Bitcoin (BTC) has started the year risk-off as seen in the crypto margin indicator for open interest futures (OI) displayed below.

The decline in BTC futures OI percentage seen from July 2021 to 2022 indicates a return to the risk-on narrative throughout 2022. But we are starting at about the lowest point in two years, and the risks are quickly removed as 2023 begins.
Through 2021, over 60% of futures contracts used BTC as an underlying asset. This helps with the risk-on narrative as BTC is more volatile compared to stablecoins.
Meanwhile, in 2022, crypto-backed margins remained relatively flat in the 35% to 40% range. However, the downward adjustment of 15% heading into 2023 indicates a rapid de-risking heading into the first quarter.

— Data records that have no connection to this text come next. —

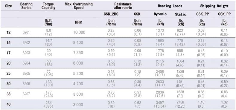 Type CSK is a sprag type clutch integrated into a 62 Series ball bearing (except sizes 8 and 40). It is bearing supported, shipped grease lubricated and protected against dust larger than .012" (.3mm) diameter. The use of additional "nylon" type seals is recommended especially when the working temperature exceeds 122°F (50°C).
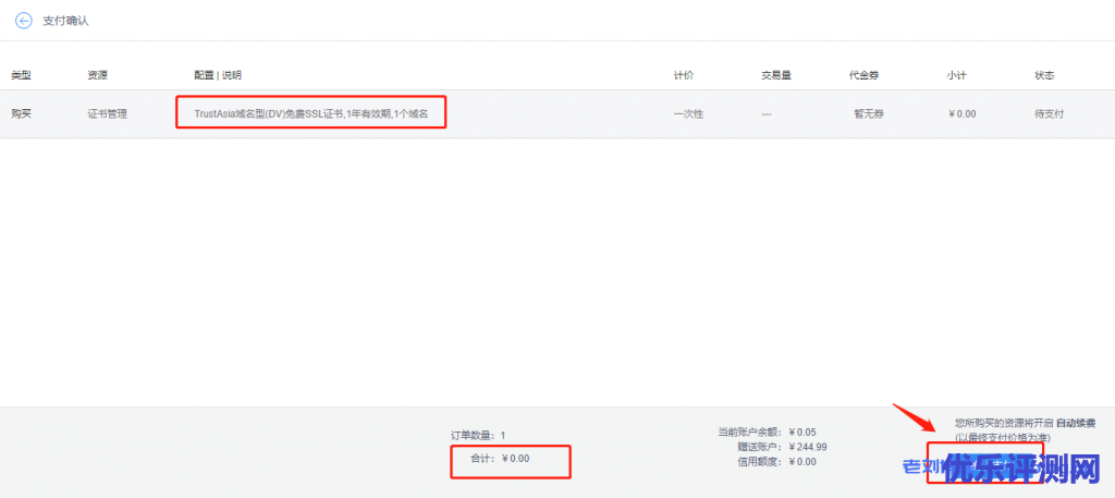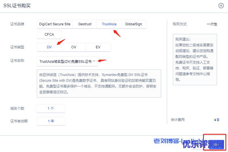 3,选择[购买证书]按钮,选定购买对应的免费证书:证书品牌TrustAsia,证书类型DV,证书名称TrustAsia域名型(DV)免费SSL证书。
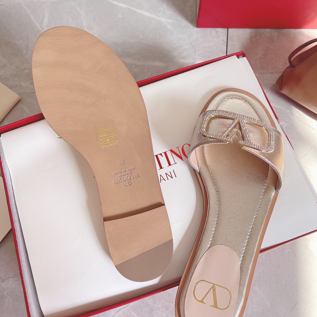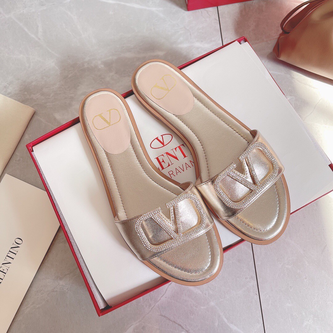 Valentino VLogo Glow Slides In Metallic Nappa Leather
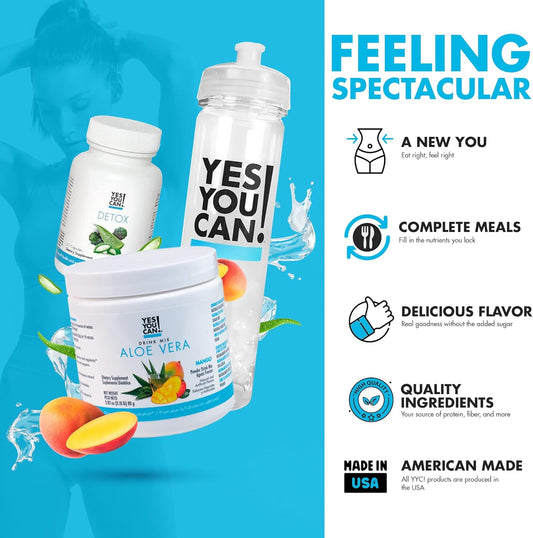 Detox Kit Bundle: YYC! Capsules, Aloe Vera Drink Mix, Water Bottle - Mango Flavor - Body Cleanse, Daily Cleanse, Hydration & Vitamins
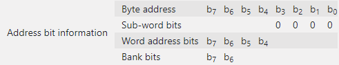 In the Function Memory Viewer (inf the High-Level Design Reports), the Address bit information shows the bank selection bits as b6 and b7, instead of b4 and b5:
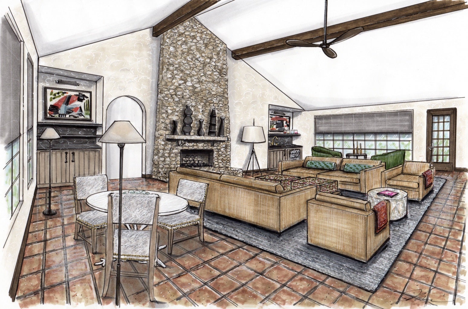 In-progress projects hand rendered by artist Jane Gianarelli.
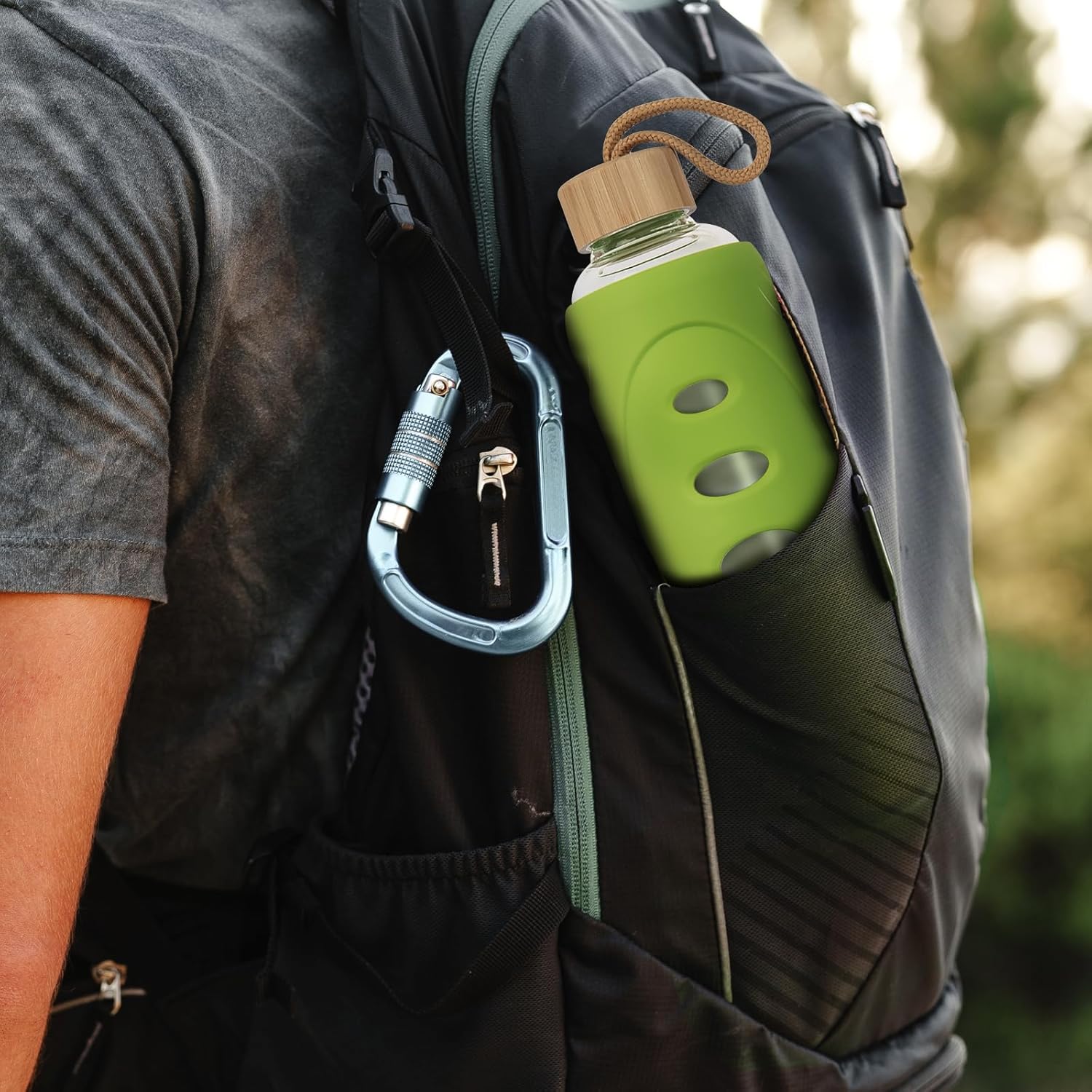 - STYLISH AND PORTABLE : Our sleek design makes the glass water bottle has an ideal travel buddy and elegant appearance. Outer Silicone sleeve offers secure grip and helps protect against breakage.
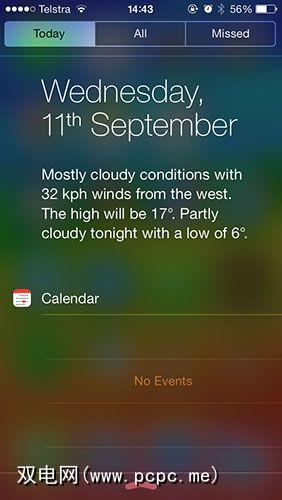 您只需轻按提醒旁边的圆圈,即可将提醒标记为已完成,然后轻按即可直接跳转到即将到来的日历约会。如果未在Notification Center设置中使用“今日"屏幕,则可以对其进行编辑以省去很多此类信息。
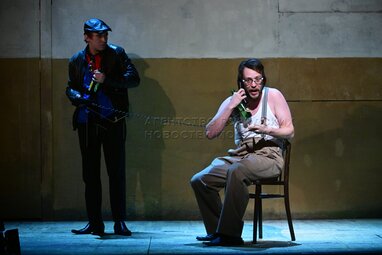 Актер Константин Любимов в роли Сергея Александровича (справа). Показ спектакля «Рыжий. Я всех любил. Без дураков» в Московском театре на Таганке.
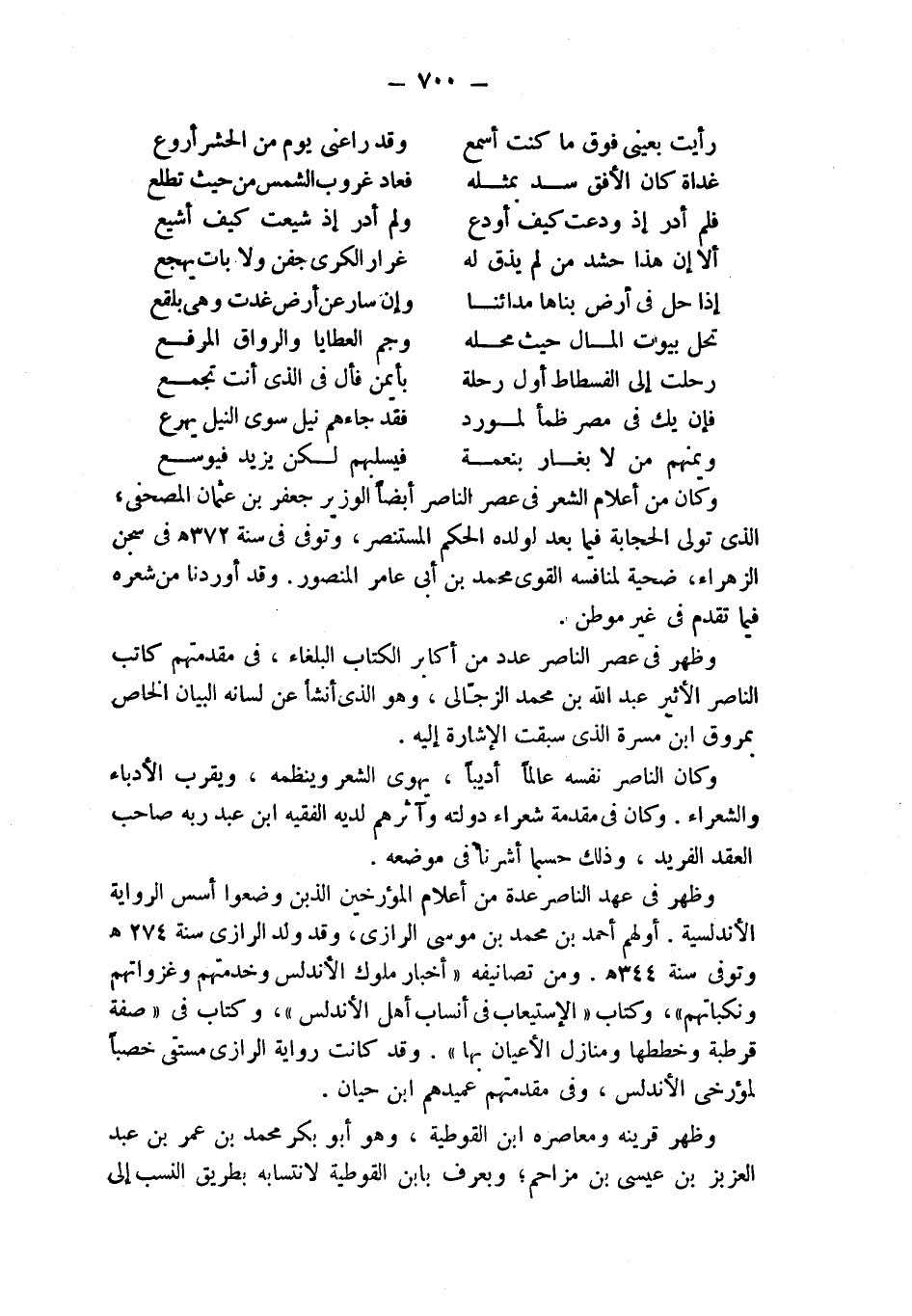 وظهر في عهد الناصر عدة من أعلام المؤرخين الذين وضعوا أسس الرواية الأندلسية. أولهم أحمد بن محمد بن موسى الرازي، وقد ولد الرازي سنة 274 هـ وتوفي سنة 344 هـ. ومن تصانيفه " أخبار ملوك الأندلس وخدمتهم وغزواتهم ونكباتهم "، وكتاب " الإستيعاب في أنساب أهل الأندلس "، وكتاب في " صفة قرطبة وخططها ومنازل الأعيان بها ". وقد كانت رواية الرازي مستقى خصباً لمؤرخي الأندلس، وفي مقدمتهم عميدهم ابن حيان.

Crypto-backed margins have likewise fallen four times in the past.
- May 2021, following China’s ban on cryptocurrencies
- Between November and December 2021, just after the all-time high (ATH)
- April 2022 Before and after the collapse of Luna
- October 2022 has a lead to FTX collapse and enters a rocky fourth quarter from a macro perspective.
About 150,000 BTC remain in futures OI, the lowest level since April 2022, and the risk-off trend continues to decline.
To further reveal the clear switch from BTC to risk-off and cash, the ‘Cash-Margined’ indicator shows a steady rise since April 2021 to the current level of 327,000 BTC. This is backed by cash as the underlying asset.
Disclaimer: The levels shown represent only exchanges covered by Glassnode data.